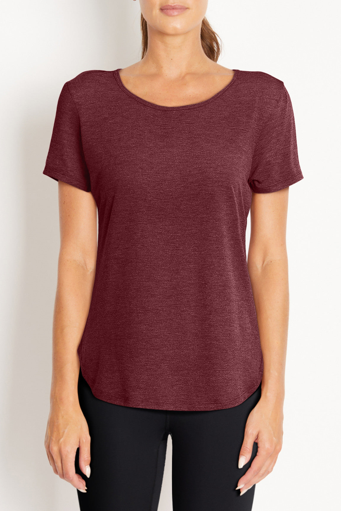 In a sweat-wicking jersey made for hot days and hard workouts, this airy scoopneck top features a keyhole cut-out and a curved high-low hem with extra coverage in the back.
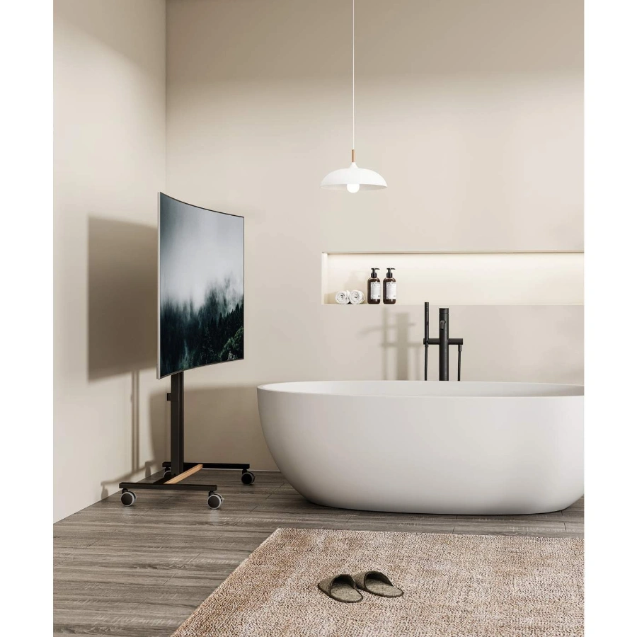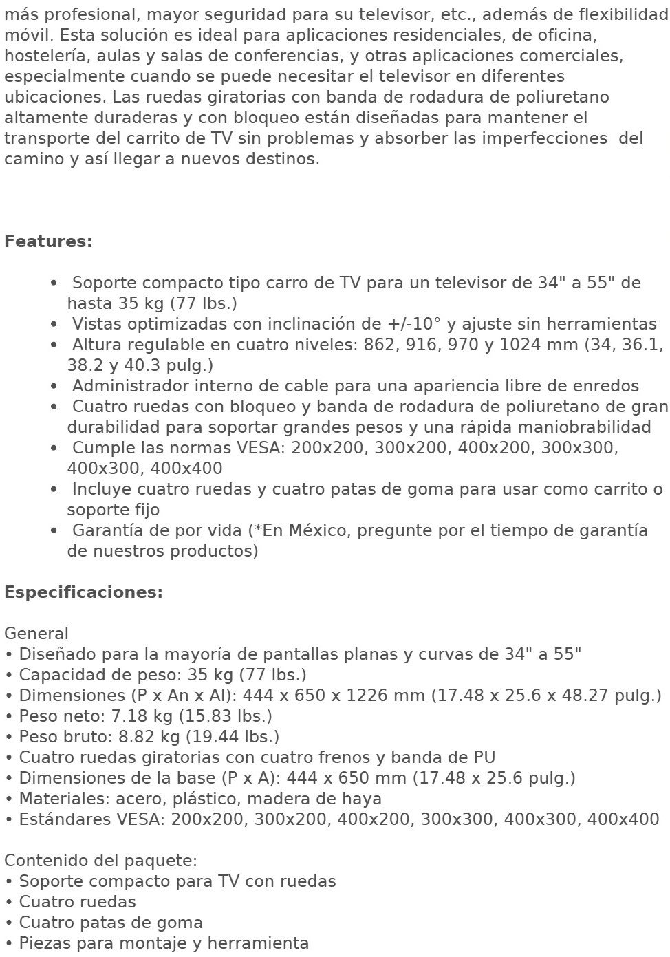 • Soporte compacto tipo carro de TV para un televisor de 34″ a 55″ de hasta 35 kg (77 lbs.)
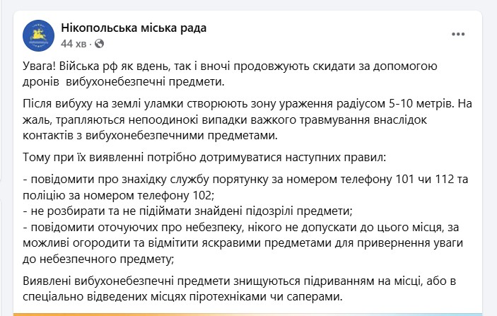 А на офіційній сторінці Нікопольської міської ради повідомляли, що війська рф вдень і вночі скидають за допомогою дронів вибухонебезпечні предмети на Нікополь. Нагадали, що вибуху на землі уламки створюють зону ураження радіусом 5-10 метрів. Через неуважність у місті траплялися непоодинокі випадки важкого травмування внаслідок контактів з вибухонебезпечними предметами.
┄┄┄┄┄┄┄┄┄┄
• [What is expected]: Leave the pictures out, and copy exactly each line from the one containing "kg (77 lbs.)" through the final line of the data.

• [Your response]:
 • Soporte compacto tipo carro de TV para un televisor de 34″ a 55″ de hasta 35 kg (77 lbs.)
 А на офіційній сторінці Нікопольської міської ради повідомляли, що війська рф вдень і вночі скидають за допомогою дронів вибухонебезпечні предмети на Нікополь. Нагадали, що вибуху на землі уламки створюють зону ураження радіусом 5-10 метрів. Через неуважність у місті траплялися непоодинокі випадки важкого травмування внаслідок контактів з вибухонебезпечними предметами.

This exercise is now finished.